▼

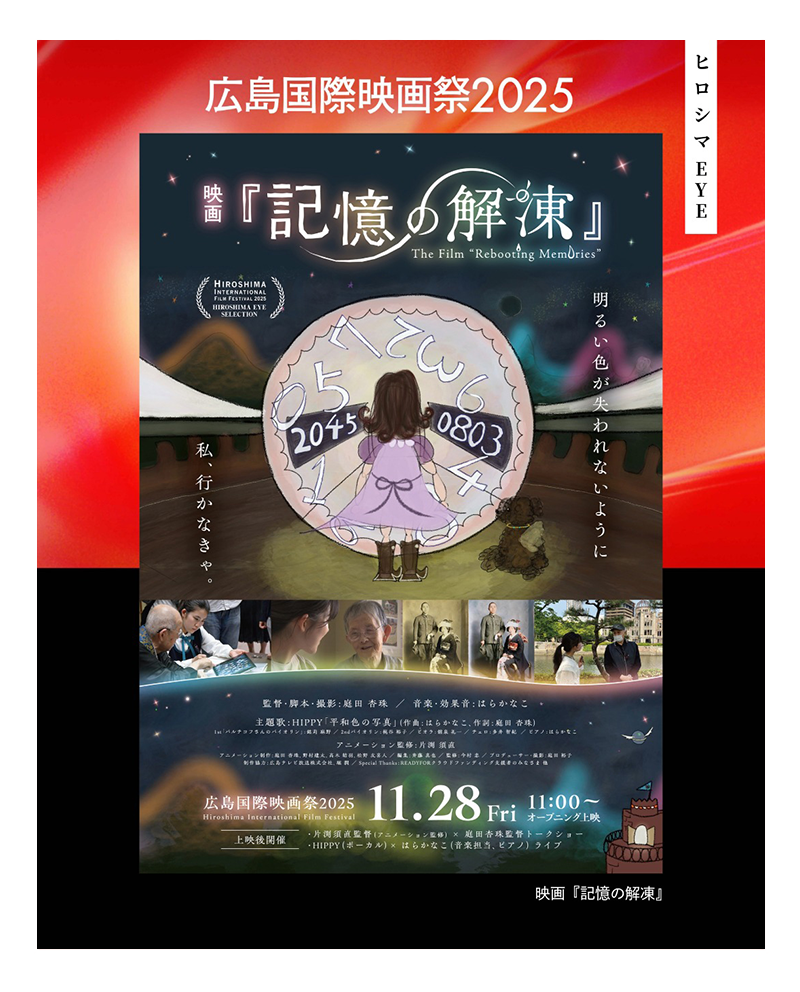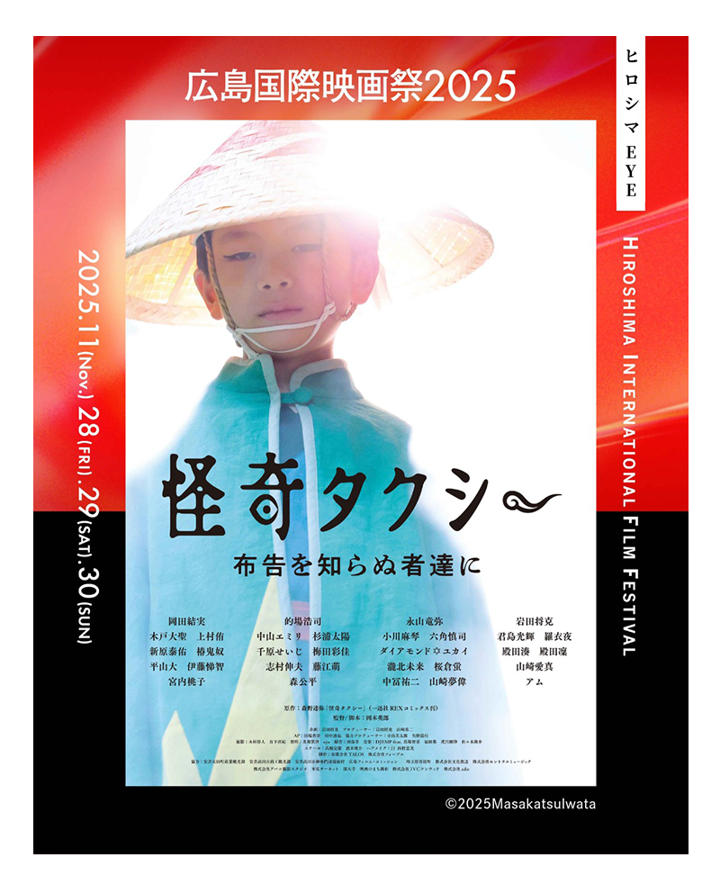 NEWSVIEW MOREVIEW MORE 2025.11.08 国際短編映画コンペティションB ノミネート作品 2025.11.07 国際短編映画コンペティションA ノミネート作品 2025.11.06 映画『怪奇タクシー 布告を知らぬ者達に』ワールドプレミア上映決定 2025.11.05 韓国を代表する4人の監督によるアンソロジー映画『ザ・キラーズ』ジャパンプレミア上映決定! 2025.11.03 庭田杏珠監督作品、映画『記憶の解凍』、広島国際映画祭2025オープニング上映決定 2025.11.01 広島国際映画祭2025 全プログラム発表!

▲
▼

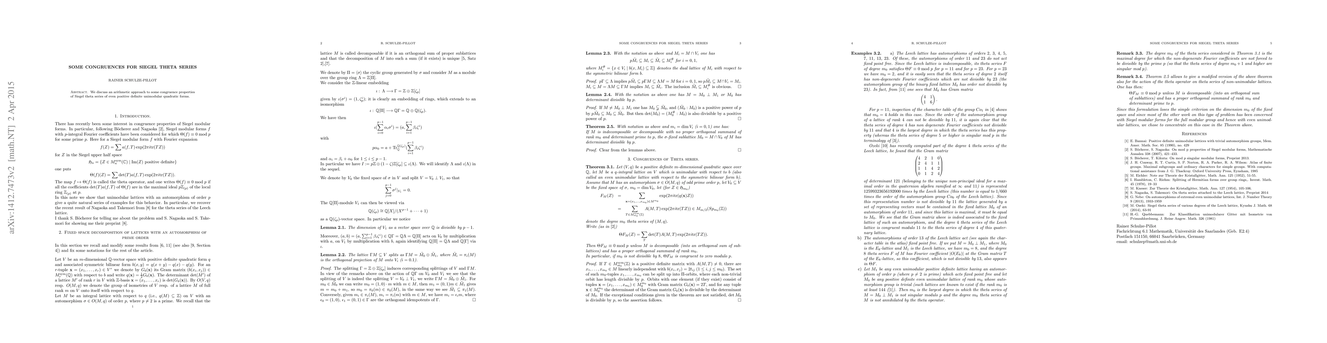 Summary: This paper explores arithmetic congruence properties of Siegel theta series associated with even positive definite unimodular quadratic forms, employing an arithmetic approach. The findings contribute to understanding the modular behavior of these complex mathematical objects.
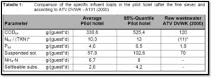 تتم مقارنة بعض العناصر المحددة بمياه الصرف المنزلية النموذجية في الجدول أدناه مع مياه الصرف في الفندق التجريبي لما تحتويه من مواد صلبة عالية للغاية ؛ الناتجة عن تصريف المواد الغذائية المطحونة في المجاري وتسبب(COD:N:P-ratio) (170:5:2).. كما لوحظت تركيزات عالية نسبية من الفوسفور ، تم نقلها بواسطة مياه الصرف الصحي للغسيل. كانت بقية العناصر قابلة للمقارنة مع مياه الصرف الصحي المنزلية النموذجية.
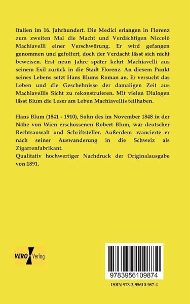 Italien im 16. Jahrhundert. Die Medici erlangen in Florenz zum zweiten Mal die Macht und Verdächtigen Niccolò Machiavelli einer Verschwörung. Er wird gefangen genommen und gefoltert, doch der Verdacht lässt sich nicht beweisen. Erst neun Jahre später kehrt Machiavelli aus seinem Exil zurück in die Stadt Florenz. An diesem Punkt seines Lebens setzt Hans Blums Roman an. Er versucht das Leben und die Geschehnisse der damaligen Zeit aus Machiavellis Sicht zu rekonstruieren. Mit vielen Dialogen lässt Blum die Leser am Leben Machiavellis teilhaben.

▲

■ **TO DO**
From the material above, reproduce only what runs from the line holding "Summary: This paper" down to the line holding "Italien im 16.", both included, pictures excluded.

■ **SOLUTION TO THIS EXERCISE**
 Summary: This paper explores arithmetic congruence properties of Siegel theta series associated with even positive definite unimodular quadratic forms, employing an arithmetic approach. The findings contribute to understanding the modular behavior of these complex mathematical objects.
 تتم مقارنة بعض العناصر المحددة بمياه الصرف المنزلية النموذجية في الجدول أدناه مع مياه الصرف في الفندق التجريبي لما تحتويه من مواد صلبة عالية للغاية ؛ الناتجة عن تصريف المواد الغذائية المطحونة في المجاري وتسبب(COD:N:P-ratio) (170:5:2).. كما لوحظت تركيزات عالية نسبية من الفوسفور ، تم نقلها بواسطة مياه الصرف الصحي للغسيل. كانت بقية العناصر قابلة للمقارنة مع مياه الصرف الصحي المنزلية النموذجية.
 Italien im 16. Jahrhundert. Die Medici erlangen in Florenz zum zweiten Mal die Macht und Verdächtigen Niccolò Machiavelli einer Verschwörung. Er wird gefangen genommen und gefoltert, doch der Verdacht lässt sich nicht beweisen. Erst neun Jahre später kehrt Machiavelli aus seinem Exil zurück in die Stadt Florenz. An diesem Punkt seines Lebens setzt Hans Blums Roman an. Er versucht das Leben und die Geschehnisse der damaligen Zeit aus Machiavellis Sicht zu rekonstruieren. Mit vielen Dialogen lässt Blum die Leser am Leben Machiavellis teilhaben.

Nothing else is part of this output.